Few dates could be more appropriate to unspool another cast of devolved tough guys with the collective maturity of a fraternity. Fans like to crow about MMA athletes being more educated than their boxing counterparts, the latter of whom frequently fight their way out of lower class or literal imprisonment with minimal book learnin’. And for the most part, that’s true. But you’d never know it by watching this series, which resembles a MENSA meeting only if there’s something enlightening about peeing in someone’s lunch that escapes my understanding.
I’ll watch, of course. It’s ultimate hypocrisy, and I’ll cop to it. If nothing else, the show -- which locks 16 men in a house with minimal distraction, not unlike some kind of sadistic ‘60s psychology experiment -- has proven itself to be a solid platform for discovering new talent. (Alums Rashad Evans, Michael Bisping and Forrest Griffin overcame early derision at being reality TV bums and went on to impressive UFC records.) And it’s only gotten tougher with age, making demands that fighters enter the house with pro records and/or win a bout before even stepping foot inside.
Unfortunately, that substance is frequently lost in the lurid conventions of reality exploitation, a genre of entertainment that has solidified my pessimism in humanity -- a leaning first explored by the incredible success of Adam Sandler movies. With little to do between fights and training (no books or television allowed), cast mates usually turn to alcohol poisoning and throwing lawn furniture into the pool as a means of unwinding. Vomiting seems to be a bonding experience.
I haven’t seen the newest crop of episodes, but I’m fairly confident we can look forward to the following:
Fighters will need less than 90 seconds to locate the stash of alcohol in the house.

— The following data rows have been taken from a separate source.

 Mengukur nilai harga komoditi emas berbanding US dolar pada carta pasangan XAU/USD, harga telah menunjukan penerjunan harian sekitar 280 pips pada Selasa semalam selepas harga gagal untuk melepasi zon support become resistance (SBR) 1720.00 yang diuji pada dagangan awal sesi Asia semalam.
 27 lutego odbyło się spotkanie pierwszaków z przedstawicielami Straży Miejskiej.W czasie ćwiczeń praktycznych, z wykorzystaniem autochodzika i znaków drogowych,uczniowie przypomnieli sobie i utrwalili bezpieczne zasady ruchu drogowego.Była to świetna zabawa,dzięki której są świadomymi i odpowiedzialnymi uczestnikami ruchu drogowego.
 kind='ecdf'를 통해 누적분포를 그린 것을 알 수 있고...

Subsequently, fighters will need less than one hour to recreate key scenes from “Caligula.”
Eighteen seasons of “The Real World” will convince one or more athletes that the most expedient way to stardom in the sport is to create an irrational, functionally psychotic persona that antagonizes both housemates and viewers. (See: Browning, Junie.)

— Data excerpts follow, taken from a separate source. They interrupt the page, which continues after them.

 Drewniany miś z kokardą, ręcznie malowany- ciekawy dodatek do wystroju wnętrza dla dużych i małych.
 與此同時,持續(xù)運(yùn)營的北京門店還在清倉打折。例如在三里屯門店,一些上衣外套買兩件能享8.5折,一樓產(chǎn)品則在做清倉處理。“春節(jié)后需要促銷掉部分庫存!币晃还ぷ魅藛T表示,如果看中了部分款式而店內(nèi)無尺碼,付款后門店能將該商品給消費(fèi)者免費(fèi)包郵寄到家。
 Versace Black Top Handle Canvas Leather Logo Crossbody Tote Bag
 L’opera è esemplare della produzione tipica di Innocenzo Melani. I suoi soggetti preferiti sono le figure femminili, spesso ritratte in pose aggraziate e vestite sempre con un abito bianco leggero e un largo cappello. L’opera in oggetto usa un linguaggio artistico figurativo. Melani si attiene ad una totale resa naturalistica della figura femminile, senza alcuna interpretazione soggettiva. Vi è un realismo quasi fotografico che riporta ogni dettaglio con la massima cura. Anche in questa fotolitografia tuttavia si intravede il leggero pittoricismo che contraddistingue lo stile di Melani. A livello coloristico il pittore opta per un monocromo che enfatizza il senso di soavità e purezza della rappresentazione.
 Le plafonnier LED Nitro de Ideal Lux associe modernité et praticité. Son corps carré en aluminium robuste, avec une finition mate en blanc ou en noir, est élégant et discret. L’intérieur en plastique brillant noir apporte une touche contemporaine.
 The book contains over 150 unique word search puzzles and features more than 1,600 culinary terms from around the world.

Someone will urinate on someone else.
Someone will figure what the living room really needs is a hole in the drywall the size of a head.
Dana White will enter any room he’s in with the understanding he’s to audition for a Quentin Tarantino film.

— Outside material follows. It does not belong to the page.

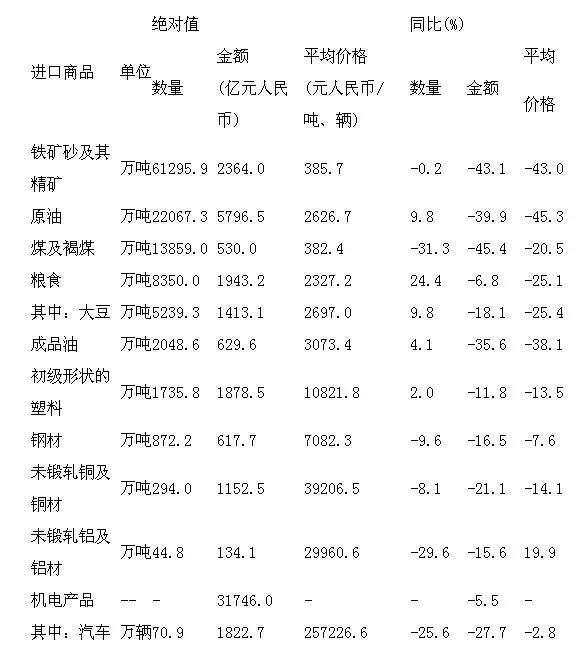 此外,进口粮食8350万吨,增加24.4%;其中大豆5239.3万吨,增加9.8%,进口均价为每吨2697元,下跌25.4%。机电产品进口3.17万亿元,下降5.5%;其中汽车70.9万辆,减少25.6%(表3)。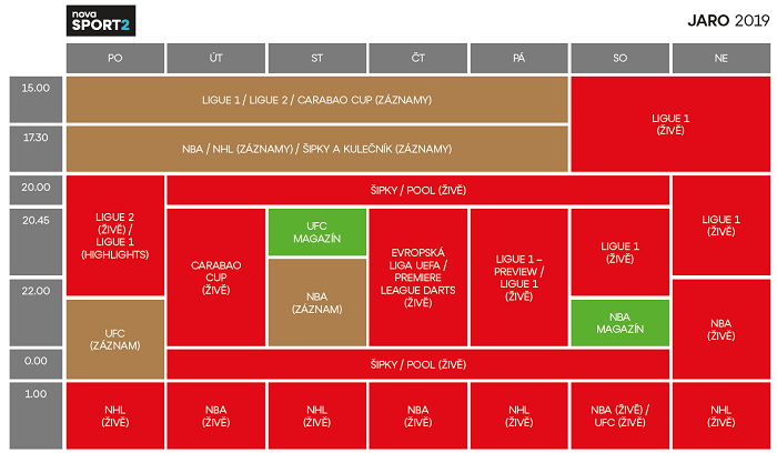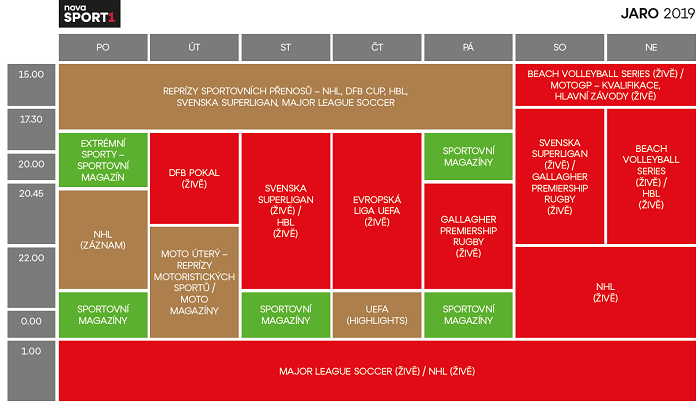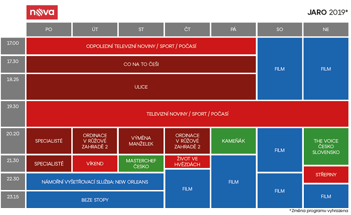 Nova v jarním schématu pokračuje se svými vlajkovým pořady, které už uvedla od začátku roku – seriály Ulice (po-pá), Ordinace v růžové zahradě (út, čt) a Specialisté (po), dále reality show Výměna manželek (st) a kuchařská show MasterChef Česko (st).

I’m not sure what’s more troubling: that the juvenile hall antics sell the show, or that the show has yet to evolve beyond them. With several more seasons contracted, “TUF” risks a greater sin by simply becoming repetitive and stilted. Even the primal humor in “Jackass” grows stale after a few seasons. (You’ve seen one staple gun to the testicles, you’ve seen them all.)
Even more unsettling: to think that the real paradigm shift in this sport’s young history was the conceit of showing fighters one step from hurling feces at each other like monkeys -- that this perversion of sportsmanship is what it took for a mass audience to take notice of an otherwise complex and beautiful thing. MMA was apparently beyond anyone’s interest until its participants began peeing on pillows for basic cable.
Was this really the secret saving grace of combat sports? Does our culture really need actual, literal poo to fertilize a sprouting athletic event? Correct me if I’m wrong, but I don’t recall any footage of Muhammad Ali taking a dump in an opponent’s toilet tank.
There was a time when I was puffed with pride at being a spectator of this sport. Watching “The Ultimate Fighter” is something I prefer to keep to myself.